Ted’s preferences over goods 1 (fuel) and 2 (food) are described by a utility function u(x1, x2) and satisfy non-satiation and convexity. For Ted, both fuel and food are normal goods.

  • Define the compensating variation of a price increase.
  • A fuel tax t is introduced raising the price of fuel from p1 to p1 + t. The price of food is unchanged. Illustrate the effect of the fuel tax on Ted’s budget constraint and on his uncompensated demand for fuel.
  • To prevent protests over the rise in the price of fuel, the government gives Ted and others like him the compensating variation of the fuel price increase. Illustrate the effect of this on Ted’s demand for fuel. Can Ted’s fuel consumption be higher than when the price of fuel was p1?


Pedro is an expected utility maximizer with a utility function u(W) = 2√
W, where W denotes wealth. Pedro’s initial wealth is 36, but he faces a risk of flood damage of 20 with a probability of 1/2 and no damage otherwise.

  • Calculate Pedro’s expected utility and his expected wealth without insurance. Find his certainty equivalent and use it to explain why Pedro is risk-averse.
  • Pedro can buy insurance at a premium p per unit.

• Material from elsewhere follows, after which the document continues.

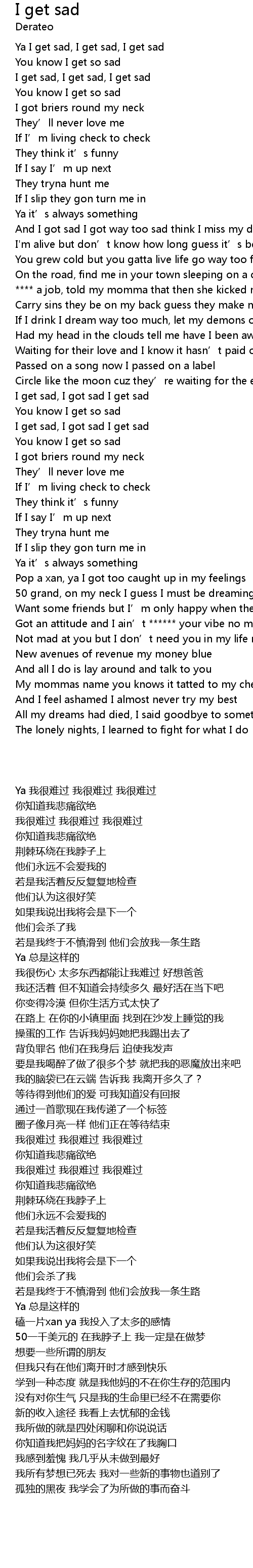 | [00:13.62] | Ya I get sad, I get sad, I get sad |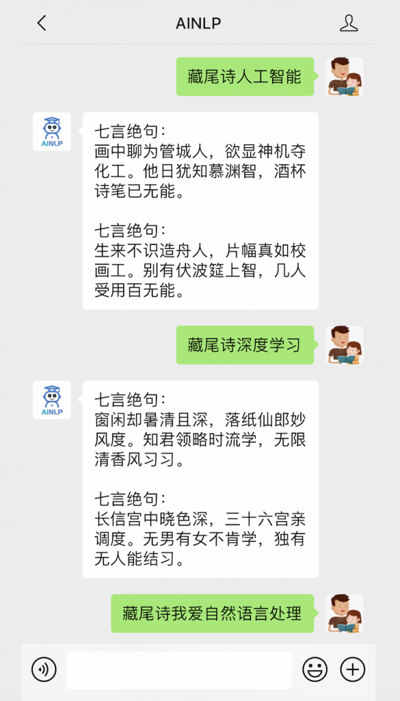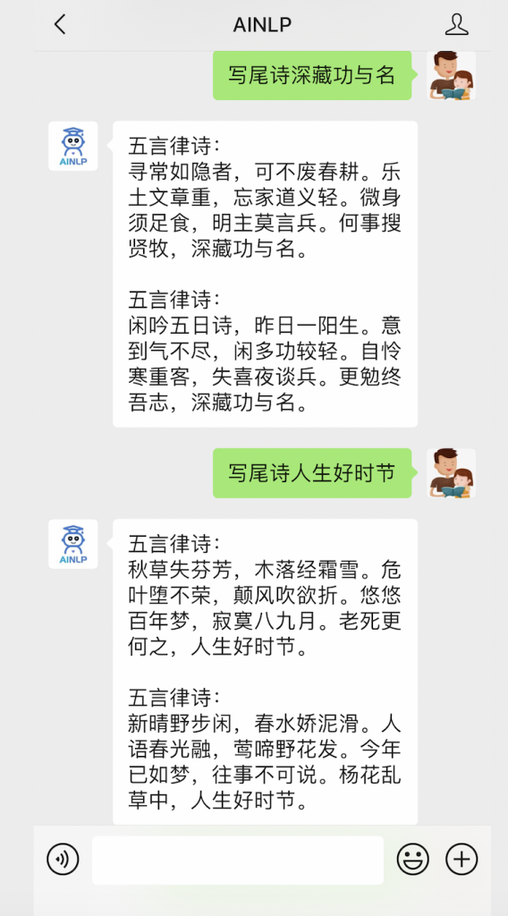 除了藏尾诗生成器,我还衍生了一个“写尾诗”的功能,就是输入几个字,这几个字一定要出现在古诗的尾部,关注AINLP公众号,回复“写尾诗输入内容”触发:

How much insurance will Pedro buy if premium p =1/2? Illustrate Pedro’s situation in a state-contingent income space diagram, clearly indicating Pedro’s wealth in the two states before and after purchasing insurance.
  • Pedro’s situation can be viewed from two perspectives.

Perspective A: Wealth 36 and loses 20 with probability 1/2if it floods
Perspective B: Wealth 16 and gains 20 with probability 1/2 if it does not flood

Briefly explain why some decision-makers may view these two perspectives of the same situation differently.